It should be understood that the technical solutions provided by the second aspect, the third aspect, the fourth aspect, the fifth aspect, the sixth aspect, the seventh aspect, the eighth aspect, the ninth aspect, and the tenth aspect, and its technical features Both can correspond to the wireless charging method provided in the first aspect and its possible designs, so the beneficial effects that can be achieved are similar, which will not be repeated here.

Description of drawings

FIG. 1 is a schematic diagram of a wireless charging solution;

FIG. 2 is a schematic diagram of the composition of a wireless charging system according to an embodiment of the present application;

FIG. 3 is a schematic diagram of the composition of a power supply terminal device according to an embodiment of the present application;

FIG. 4 is a schematic diagram of the composition of a power receiving terminal device according to an embodiment of the present application;

FIG. 5 is a schematic flowchart of a wireless charging method provided by an embodiment of the present application;

6 is a schematic diagram of a first area provided by an embodiment of the present application;

FIG. 7 is a schematic diagram of a power supply terminal device precharging a plurality of power receiving terminal devices according to an embodiment of the present application;

FIG. 8 is a schematic flowchart of another wireless charging method provided by an embodiment of the present application;

FIG. 9 is a schematic diagram of experimental comparison of a wireless charging method provided by an embodiment of the present application;

FIG. 10 is a schematic diagram of the composition of a power supply terminal device provided by an embodiment of the present application;

11 is a schematic diagram of the composition of another power supply terminal device provided by an embodiment of the application;

FIG. 12 is a schematic diagram of the composition of a chip system provided by an embodiment of the present application;

FIG. 13 is a schematic diagram of the composition of a power receiving terminal device according to an embodiment of the present application;

FIG. 14 is a schematic diagram of the composition of another power receiving terminal device provided by an embodiment of the present application;

FIG. 15 is a schematic diagram of the composition of another chip system provided by an embodiment of the present application.

detailed description

At present, a common wireless charging solution is: the power supply terminal device transmits electromagnetic waves through the antenna set therein, and the power receiving terminal device can receive the electromagnetic waves through the antenna set therein, and convert the electromagnetic waves into electrical energy for storage or direct use. Exemplarily, FIG. 1 is a schematic diagram of a wireless charging solution, in which the receiving end device includes four devices (eg, sensor 1, sensor 2, sensor 3, and sensor 4) as an example. The power supply terminal device can transmit the electric energy fed into the antenna in the form of electromagnetic waves through the antenna provided therein. Each sensor (such as sensor 1, sensor 2, sensor 3, and sensor 4) within the antenna radiation range of the power supply device can receive the electromagnetic wave through the antenna carried therein, and convert the received electromagnetic wave into electrical energy for power supply use.

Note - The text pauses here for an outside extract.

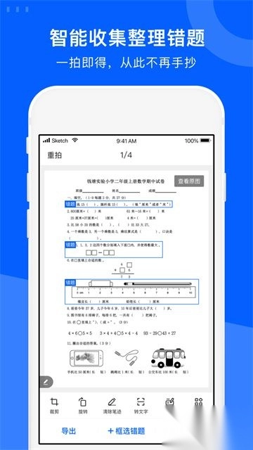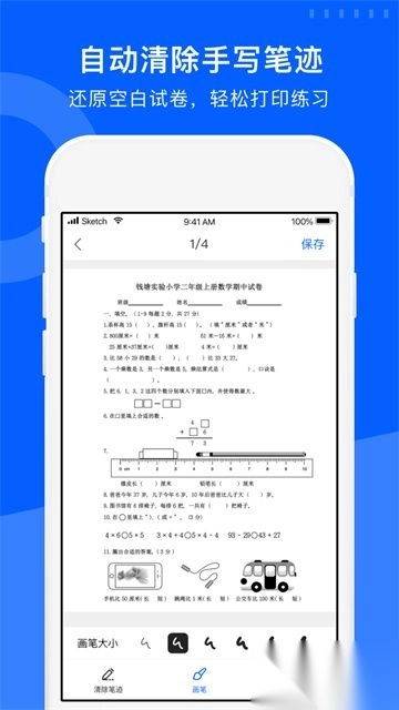自动擦除手写笔迹,以高精度还原空白试卷。

It should be noted that electronic devices such as sensors have certain requirements for electrical parameters such as power supply voltage when they start to work. That is, when the power supply voltage reaches the minimum working voltage that can drive the sensor to work, the sensor can start to work. Therefore, in the wireless charging scenario shown in Figure 1, after the power supply device starts to wirelessly charge Sensor 1-Sensor 4, each sensor in Sensor 1-Sensor 4 needs to be charged for a period of time, to start working. In the embodiment of the present application, the time from when the power supply device starts charging the sensor to when the sensor starts to work normally is the pre-charging time. It can be understood that the minimum operating voltages of different sensors are different, so the pre-charging times corresponding to different sensors are also different.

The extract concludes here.